Even when she played another '50s housewife last fall in The Prize Winner of Defiance, Ohio, after getting Oscar nominations for two of those roles in 2000 for Far from Heaven and The Hours, she infused a sense of passion and spirit into the character that lifted the film to a level where people were talking about her as an Oscar contender yet again. Playing Evelyn Ryan, a mother of 10 with an alcoholic husband, who supports her family by winning jingle-writing contests, could have made her seem typecast in the role of the struggling suburban mom.
"What's different about that role is that it's based on a true story," she says of Prize Winner. "The responsibility is entirely different. It's about how you bring the character to life in your own way, while remaining faithful to the spirit of who she was."
Moore's husband thinks these mother roles, particularly the '50s housewife ones, are just par for the course because Moore is so good at giving her characters an inner life. This is what shot her to fame in Todd Haynes's Safe in 1995 and attracted Freundlich's attention to cast her in his first movie, 1997's The Myth of Fingerprints.
"There's not a lot of opportunity for women of that generation in these films to express themselves verbally or make any big movements. They don't slap anyone or yell; they are always perfect. But Juli's able to communicate the brokenness ‑- the complexity ‑- behind that," he says.
Moore says that watching her mother go through some of the emotions of being "stuck" as a military wife, always following her husband through various posts, helped as well.
"She was married at 20," Moore says, "and only had a year of nursing school. It was just when things were changing, so I was quite aware as a teenager that there were things I took for granted that my mother didn't have ‑- that we had choices, that we could have an education, could have a family and a career."
While exploring these feelings on screen, Moore has learned lessons in her own life.

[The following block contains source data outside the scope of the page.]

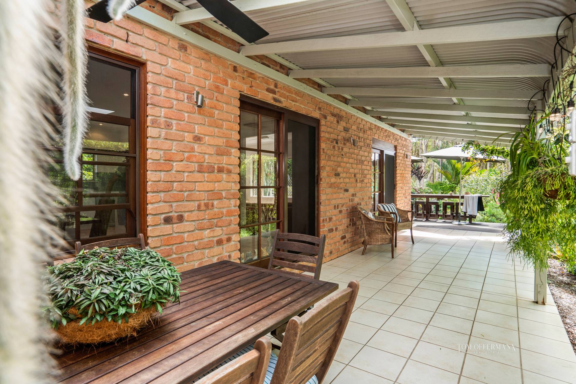 Alfresco there is a high-top bar for cool drinks, communing with the native bird life and being totally enamored with the extent of the land and how paperbacks adorned with elkhorns, abut the Noosa National Park. The botanical-like gardens are beautifully landscaped with a variety of plantings from vines to succulents, the veggie patch is a cook's dream and the extra-large green house has power and an auto irrigation system.
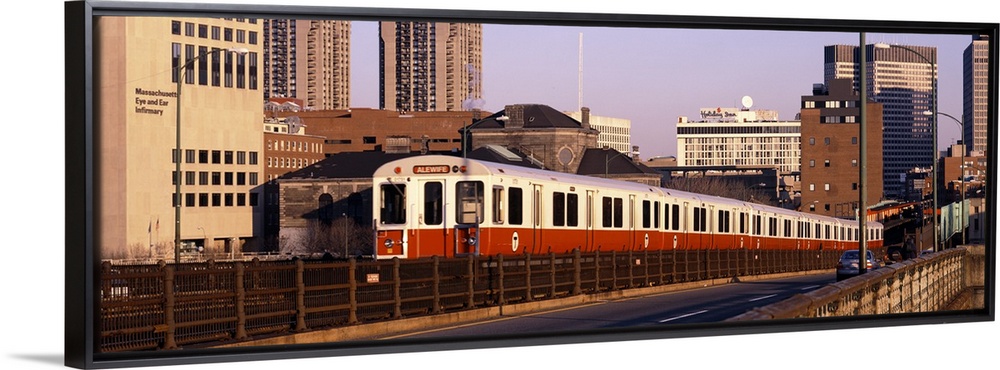 <p>An above ground subway train is photographed in panoramic view with the Boston skyline shown in the background.</p>
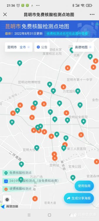 除此之外,结合疫情防控需求,今年8月以来,全市各县区,尤其是主城区增设了大量临时检测点位,目前昆明市临时免费核酸检测点位共计千余个,这些点位均不设置在《昆明市免费核酸检测点地图》上,增设的临时点位将依据群众检测需求继续保留,群众可关注各县区发布的临时点位信息,也可向所在辖区或社区进行咨询。
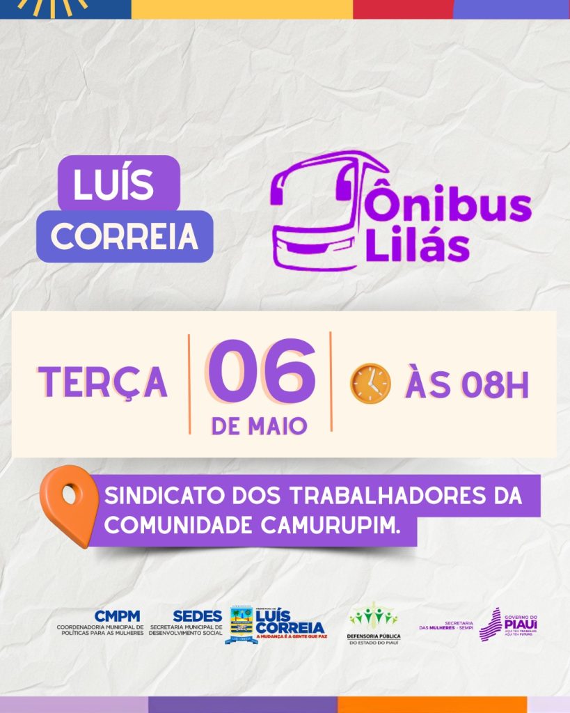 Os Ônibus Lilás irão iniciar a rota do mês de maio pela planície litorânea. Nesta terça-feira (06), a cidade contemplada será Luís Correia, com serviços disponíveis a partir das 8h no Sindicato dos Trabalhadores, da comunidade Camurupim.

She and Freundlich share parental duties, alternating work schedules so that only one of them is busy at a time. At least that's their goal. With both in demand, it doesn't always work out.

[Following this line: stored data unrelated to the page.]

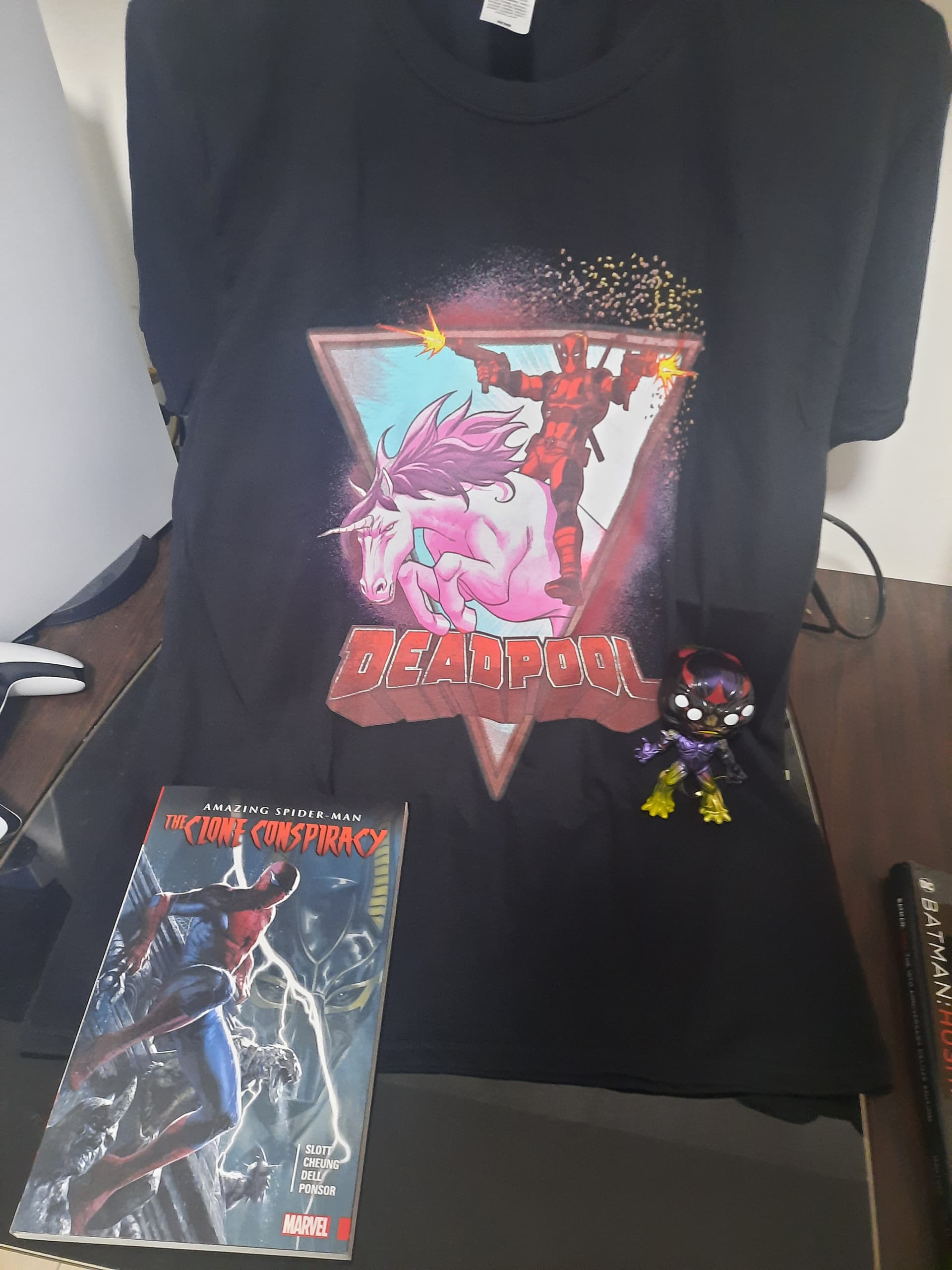 This is my gaming setup. All clean and black with David Bateson’s autograph hanging up like a religious item.
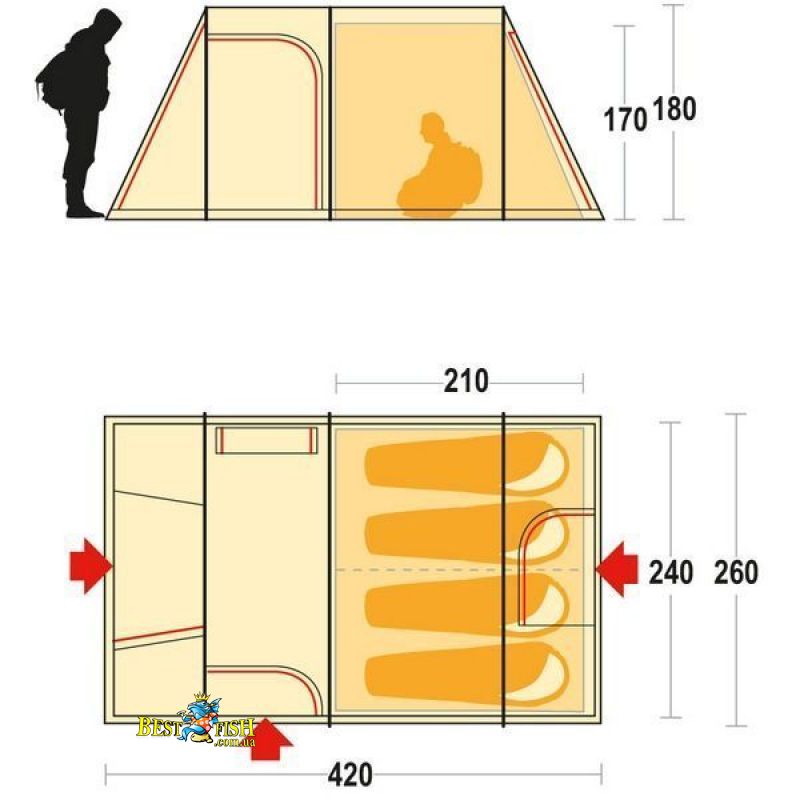 - Внешняя палатка (ДхШхВ), мм: 4200 х 2600 х 1800
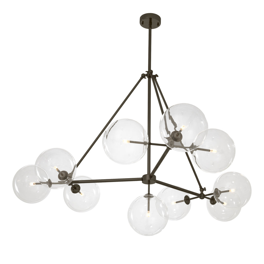 Illuminate your lounge or dining room pleasantly with the Bermude Chandelier. This sleek contemporary luminaire with a nickel finish contains 10 clear glass globes that each host their own light bulb.

Last year, they ended up busy at the same time because Moore was starring in Freundlich's latest film, Trust the Man, playing an actress and mother of two kids the same age as hers (Liv makes a cameo in a final scene). That put the burden of the family on her shoulders, since directing is such a huge time commitment, and it put Moore in charge of their move to a new home.
When she chose to do Freedomland following that, it was because it was shooting nearby and during vacation, and she needed the "break." These days, that's what constitutes playtime to the working actress and mom.